Pharmacokinetic Evaluations

Blood samples were collected over the 24-h dosing interval to assess the plasma pharmacokinetics of total and unbound rilpivirine. Pharmacokinetic evaluations occurred at clinic visits during the second and third trimesters of pregnancy (24–28 and 34–38 weeks gestation, respectively) and 6–12 weeks postpartum; during these visits, study staff observed subjects’ intake of rilpivirine. Matching cord blood and maternal plasma samples were taken at the intrapartum visit (when feasible). Plasma concentrations of rilpivirine were determined using a validated, specific, and sensitive liquid chromatography mass spectrometry/mass spectrometry (LC–MS/MS) method.

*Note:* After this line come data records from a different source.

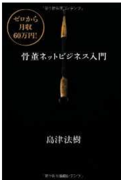
ゼロから月収60万円! 骨董ネットビジネス入門
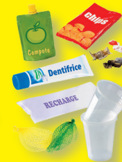
Autres emballages en plastique
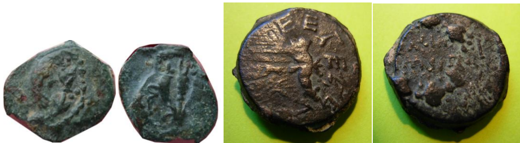
Fig 7. Coins of Antigonos

פגם נוסף במטבעות מתתיה אנטיגונוס הוא הרכב של כ 27% ממוצע עופרת בתכולת המטבעות, גורם שהביא לבליה רבה יותר בהשתמרות המטבעות. יחד עם זאת טיב המטבעות ברוב הממצא הוא ירוד מאד.
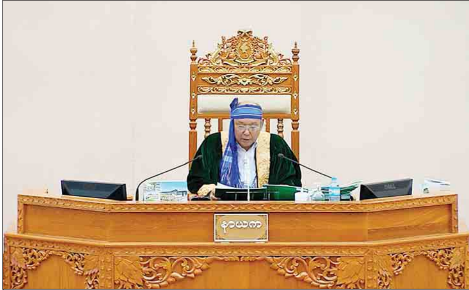
ပြည်ထောင်စုလွှတ်တော်နာယက မန်းဝင်းခိုင်သန်း

ဆက်လက်၍ စိုက်ပျိုးရေး၊ မွေးမြူရေးနှင့် ဆည်မြောင်း ဝန်ကြီးဌာန ဒုတိယဝန်ကြီး ဦးလှကျော်ကလည်း
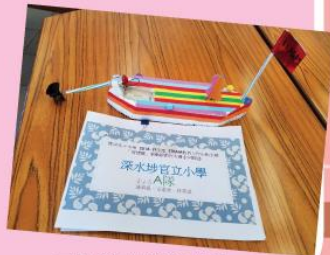
電動模型船比賽作品二
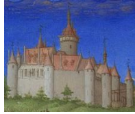
Gebr. v. Lymborch
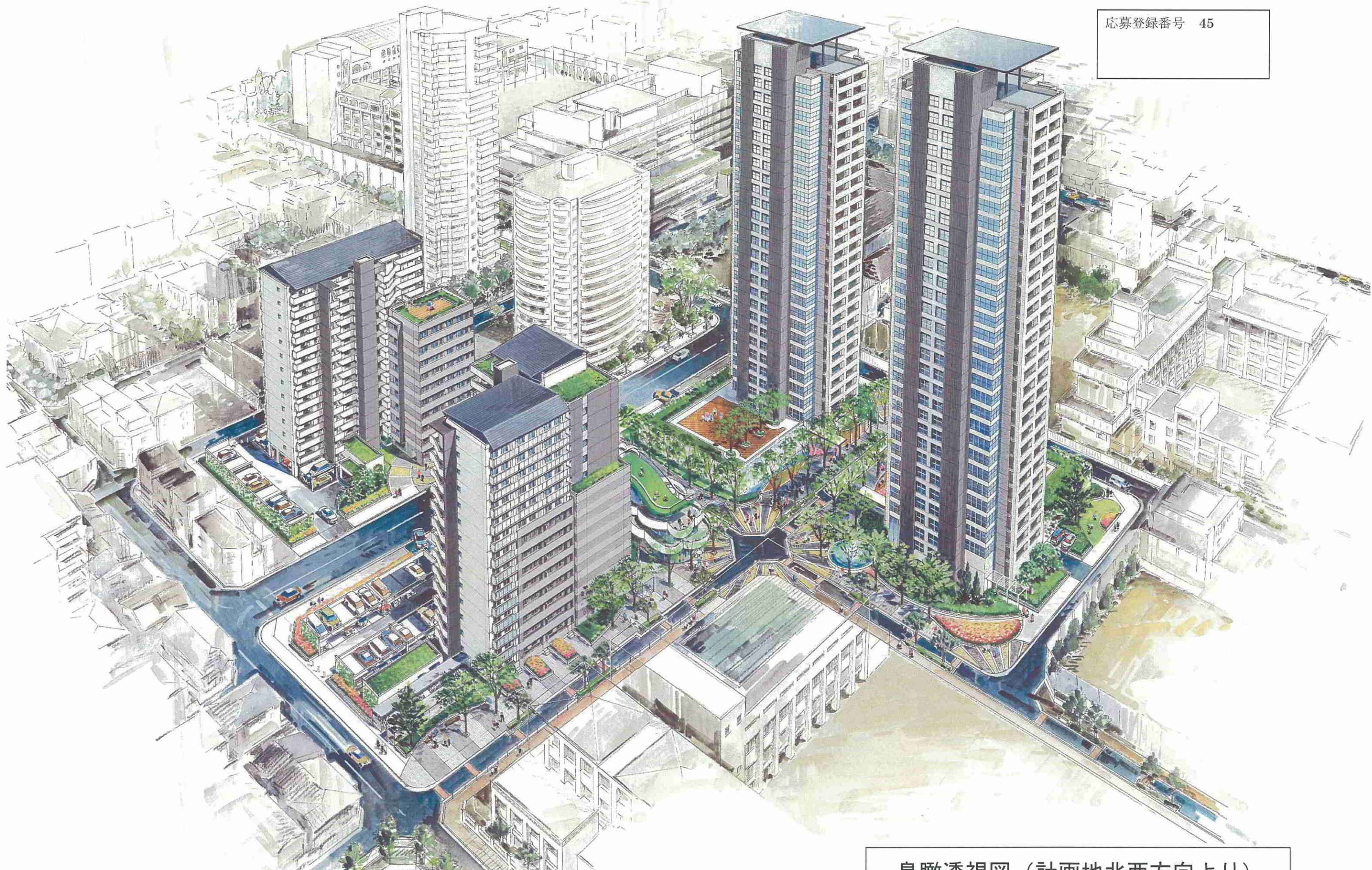
鳥瞰透視図（計画地北西方向より）
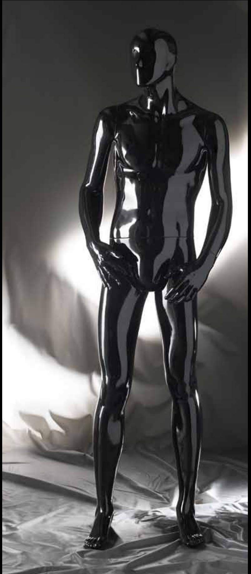
Body Col.: Glossy Black
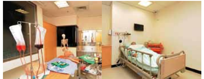
本院OSCE教學病房，各式醫療器材設備齊全

定，教案的編列及一校三院皆通用的評分表制定也非常嚴謹，通過了這次甄選後，正式成為臺灣醫學教育學會認可的國家試場。
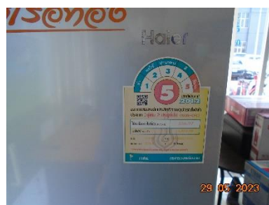
รูปที่ 2-7 เครื่องใช้ไฟฟ้าเบอร์ 5
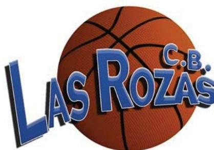
CAMPUS HERNANGÓMEZ ROZAS A
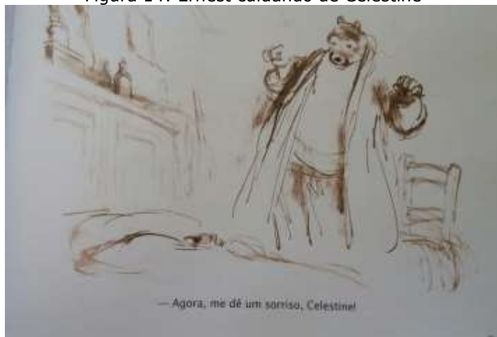
Figura 14: Ernest cuidando de Celestine

Fonte: arquivo pessoal da pesquisadora, ilustração presente no livro O nascimento de Celestine (2014, p. 45).
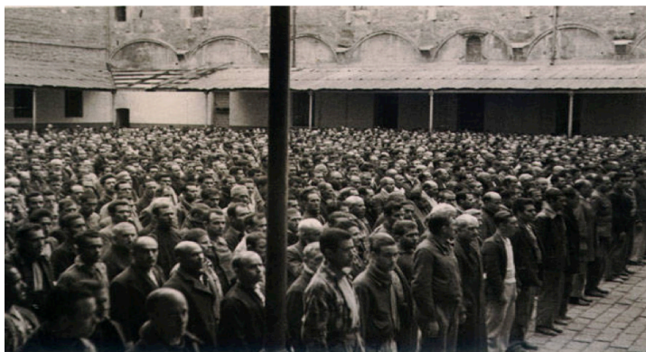
Sant Miquel dels Reis durant l'època franquista, en què era presó. Autor i any desconeguts.
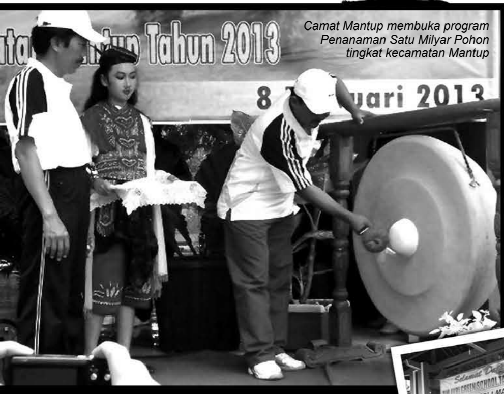
Camat Mantup membuka program Penanaman Satu Milyar Pohon tingkat kecamatan Mantup

e. Pengolahan sampah organik dan anorganik serta daur ulang.
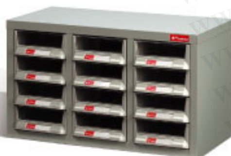
A5-312 (141-3) 586Wx290Dx350Hmm

抽屜採「抽取式」透明視察，辨識管理更為便利。 內附透明隔板，空間靈活運用多變化。 採鋁鋼耐重軌道。
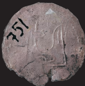
11. Срібляник князя Святополка
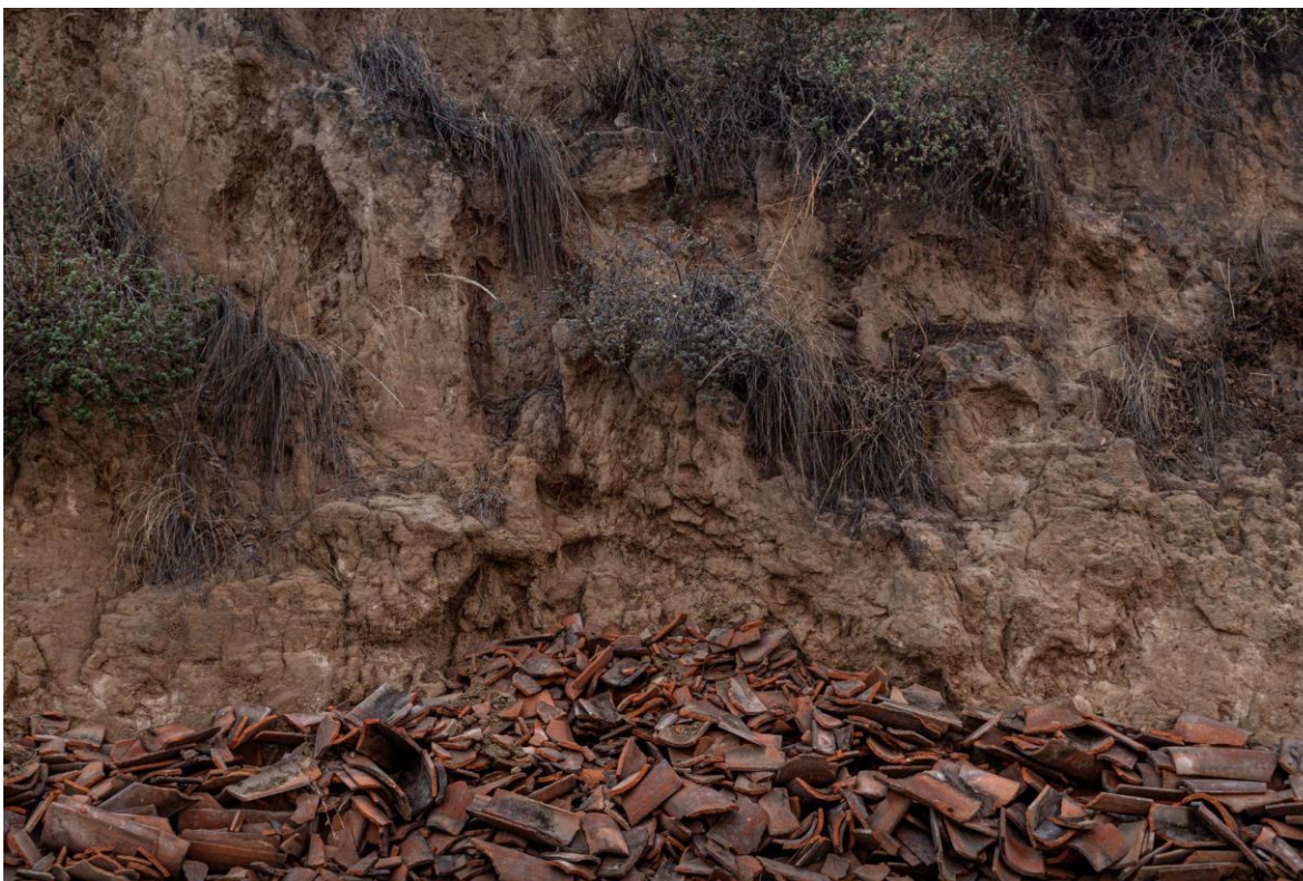
Incorporar el residuo, 2022. Fotografía digital. Medidas variables.

Como parte del desarrollo del proyecto, y encontrándose en su cuarto mes de realización, se presentan a continuación una serie de fotografías que retratan espacios, acciones y objetos que han sido recolectados tras distintos procesos, en los cuales se insiste en el análisis y la detección de la expansión urbana en relación con los entornos naturales y el Tercer Paisaje. De igual modo, se adjuntan algunos bocetos y descripciones generales sobre el producto cultural resultante (exposición) y las actividades comunitarias paralelas.
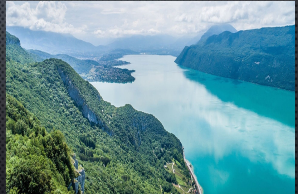
Lac du Bourget

On quitte l'Alpe d'Huez en évitant Grenoble afin de nous rendre au bord du lac du Bourget pour le lunch. Retour à Genève par les routes départementales pour une arrivée vers 17H00.
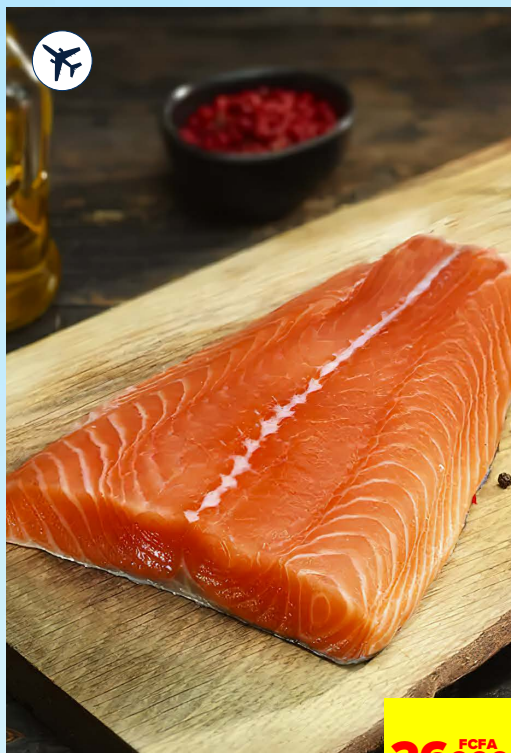
FILET DE SAUMON FRAIS*
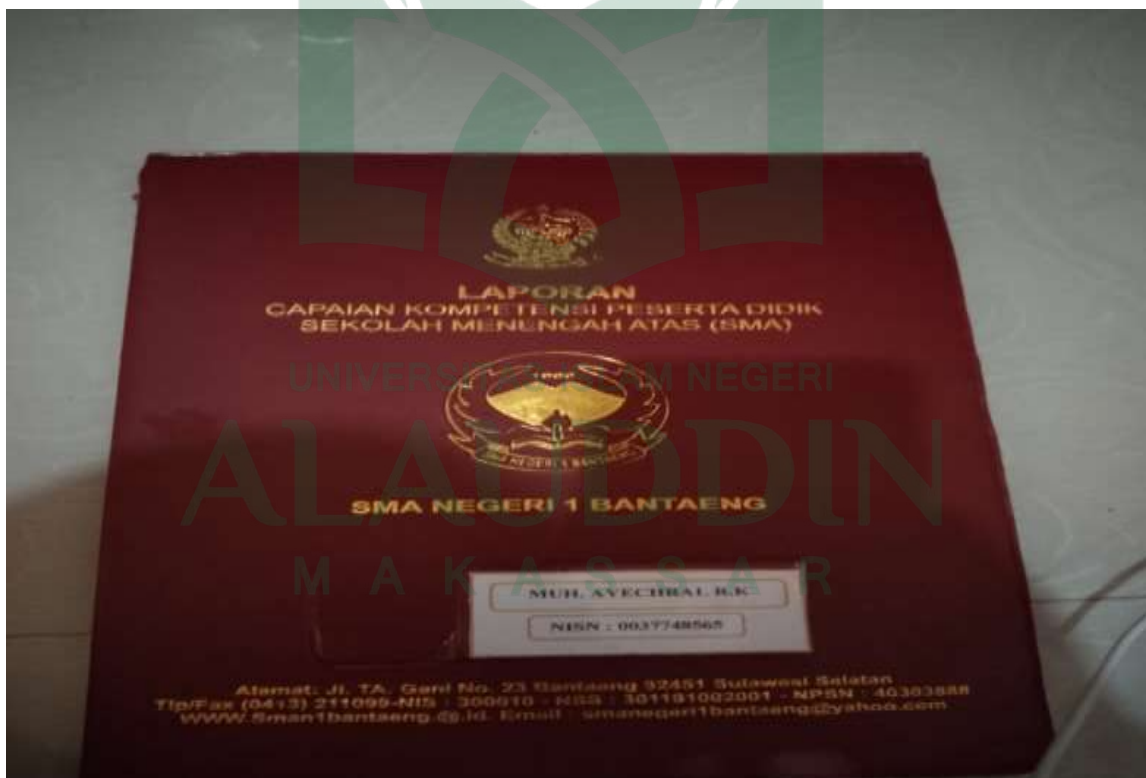
Rekaptulasi Nilai Rapor Peserta Didik
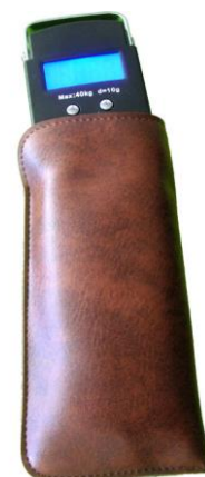
I ett glasögonfodral...
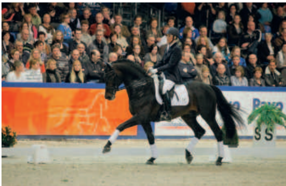
De Lichte Tour-dressuurhengst Lord Leatherdale valt op in de fokkerij. Zijn oudste producten gooien steevast hoge ogen in de jongepaardencompetities.

Lord Leatherdale nam als driejarige deel aan het voorjaarsonderzoek en ontpopte zich als een werkwillige en zeer getalenteerde hengst. In de verrichtingsrapportage wordt hij omschreven als een hengst met veel bereidheid tot werken, die zich goed laat bewerken. De stap is zuiver en ruim voldoende van ruimte. De draf is goed van ruimte en voldoende gedragen.
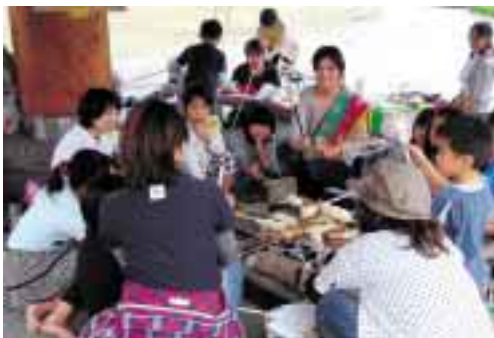
炭火にかざして焼いていきます

秋の爽やかな気候のなか、のびのびと思う存分に汗を流したあとで食べたパンの味は、格別だったようです。

The fraction of unbound rilpivirine was determined via separation through dialysis of pooled (per subject and per pharmacokinetic visit) plasma samples and LC–MS/MS of the fractions. Pharmacokinetic parameters were derived using noncompartmental analysis (model 200, extravascular input, plasma data; Phoenix™ WinNonlin®, v.6.2.1; Tripos LP, St. Louis, MO, USA) and included area under the plasma concentration versus time curve from time of administration to 24 h postdose (AUC24h), maximum plasma concentration (Cmax), minimum plasma concentration (Cmin), observed plasma concentration prior to the beginning of a dosing interval (C0h), and time to reach the maximum plasma concentration (tmax).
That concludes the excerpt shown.